In addition to never asking for what they want, the individual probably avoids actions like, having the last slice of pizza, finishing off the milk in the fridge, or taking the front seat in the car.
4. You Get Stuck Doing All of the Dirty Work
Do you find yourself often doing the chores or taking care of responsibilities at home or work that no one else wants to do? This is another situation the "too nice" person finds themselves in on a regular basis. Sometimes it gets to the point that people don't even ask you to do these things anymore; everyone assumes that you'll just do it.
5. You Can't Voice your Opinions
You are in a situation where someone is doing something you think is inappropriate but you can't bring yourself to say anything. A co worker says something you disagree with and you pretend to go along with it in order to avoid conflict. A friend continuously embarrasses you in public and you say nothing. People who are "too nice" often find themselves in situations where they feel uncomfortable or offended but are too afraid to say so.
6. You find yourself in the position of "Shrink"
If you can't say no, are unable to voice your opinions, are continuously making compromises, and always say yes, then it's very likely that you have found yourself listening to all of your friends and families problems.
Of course there is nothing wrong with offering a helping hand and being there for others, but if you allow everyone to unload their problems onto you for an extended period of time it is going to take its toll. We all have challenges to face, and it's hard to deal with them if we are busy dealing with everyone else's too.

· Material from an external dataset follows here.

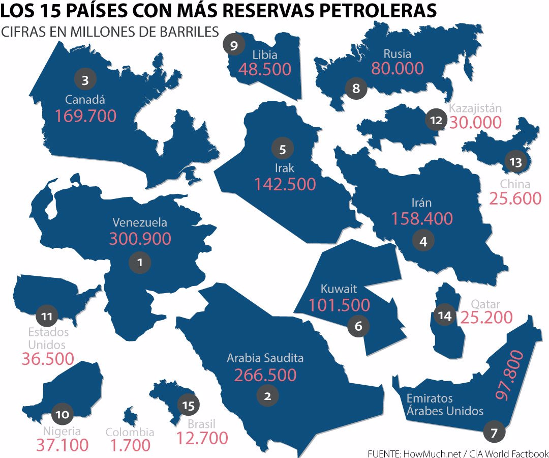 Mucho se ha hablado de cuál es el país que tiene las mayores reservas de petróleo y paradójicamente el ganador de ese título es hoy en día una de las naciones con el mayor nivel de pobreza en el mundo y una hiperinflación que golpea la calidad de vida de sus ciudadanos: Venezuela. El país vecino registra 300.900 millones de barriles de petróleo, seguido de Arabia Saudita (266.500 millones de barriles) y Canadá (169.700 millones de barriles). Incorporamos a Colombia (aunque no está dentro del top 15) para tener una referencia. Sus reservas son de 1.700 millones de barriles.

7. You feel like you're living Someone Else's Life
If you feel like your life isn't even yours anymore, then you have surpassed being too nice and become a doormat. People are using you and you are allowing them to. The decisions you make on a daily basis are determined by how other people will react to you. You negate yourself in order to keep everyone else happy.
Why do we do this?
We do this because we don't believe that we're valuable on our own. We're convinced that the only way to experience a sense of self worth is to have the constant approval of others. If you don't agree with this, consider how you feel when someone is unhappy with you; most likely you feel as if you have failed in some way; that you are bad or not good enough.
Every person that lives their lives this way eventually reaches an intense level of unhappiness. We can not ignore ourselves and our desires and still be happy.
If any of this rings true for you, that's ok. You haven't done anything wrong. Every one wants to make others happy and we all want to be happy ourselves. Everything we do, whether we realize it or not, is an effort to live a happier life.
The important thing is that you understand that as long as you sacrifice yourself for others, happiness is not possible. Once you realize this and accept it, you can begin to take control of your life again and make it your own.
Note: If you have concluded from this that you are in fact too nice, you might find the links on the left, listed under resources to be helpful.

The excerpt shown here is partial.